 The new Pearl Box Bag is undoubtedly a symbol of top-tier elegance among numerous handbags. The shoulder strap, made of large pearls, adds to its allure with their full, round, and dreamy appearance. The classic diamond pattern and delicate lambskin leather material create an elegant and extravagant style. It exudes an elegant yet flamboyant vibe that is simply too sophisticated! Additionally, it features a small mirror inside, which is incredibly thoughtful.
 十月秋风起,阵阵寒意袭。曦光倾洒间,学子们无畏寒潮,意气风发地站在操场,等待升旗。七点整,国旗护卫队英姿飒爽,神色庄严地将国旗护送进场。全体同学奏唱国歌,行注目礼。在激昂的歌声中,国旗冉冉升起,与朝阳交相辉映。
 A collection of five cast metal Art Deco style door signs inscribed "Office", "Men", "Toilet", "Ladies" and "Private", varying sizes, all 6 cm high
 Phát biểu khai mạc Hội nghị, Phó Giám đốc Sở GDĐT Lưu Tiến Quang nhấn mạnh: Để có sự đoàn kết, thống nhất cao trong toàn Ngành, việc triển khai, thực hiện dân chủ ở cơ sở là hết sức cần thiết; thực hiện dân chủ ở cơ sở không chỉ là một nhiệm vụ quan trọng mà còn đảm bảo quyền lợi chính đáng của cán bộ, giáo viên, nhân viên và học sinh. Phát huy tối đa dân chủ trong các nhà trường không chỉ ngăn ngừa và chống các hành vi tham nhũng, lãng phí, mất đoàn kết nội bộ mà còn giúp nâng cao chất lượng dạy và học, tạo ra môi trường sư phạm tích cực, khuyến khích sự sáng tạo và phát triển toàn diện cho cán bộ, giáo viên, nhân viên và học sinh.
---
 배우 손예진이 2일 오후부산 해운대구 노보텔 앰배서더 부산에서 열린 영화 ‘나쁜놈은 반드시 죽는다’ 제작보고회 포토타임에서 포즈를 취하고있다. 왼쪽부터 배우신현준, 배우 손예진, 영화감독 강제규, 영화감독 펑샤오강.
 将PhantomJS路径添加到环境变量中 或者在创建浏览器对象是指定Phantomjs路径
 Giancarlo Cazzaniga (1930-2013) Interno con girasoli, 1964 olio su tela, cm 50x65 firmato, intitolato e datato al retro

» **TASK**
Copy the lines of the data above exactly as written, beginning with the line containing "十月秋风起,阵阵寒意袭。曦光" and ending with the line containing "A collection of", and leave out all other lines.

» **WRITTEN SOLUTION**
 十月秋风起,阵阵寒意袭。曦光倾洒间,学子们无畏寒潮,意气风发地站在操场,等待升旗。七点整,国旗护卫队英姿飒爽,神色庄严地将国旗护送进场。全体同学奏唱国歌,行注目礼。在激昂的歌声中,国旗冉冉升起,与朝阳交相辉映。
 A collection of five cast metal Art Deco style door signs inscribed "Office", "Men", "Toilet", "Ladies" and "Private", varying sizes, all 6 cm high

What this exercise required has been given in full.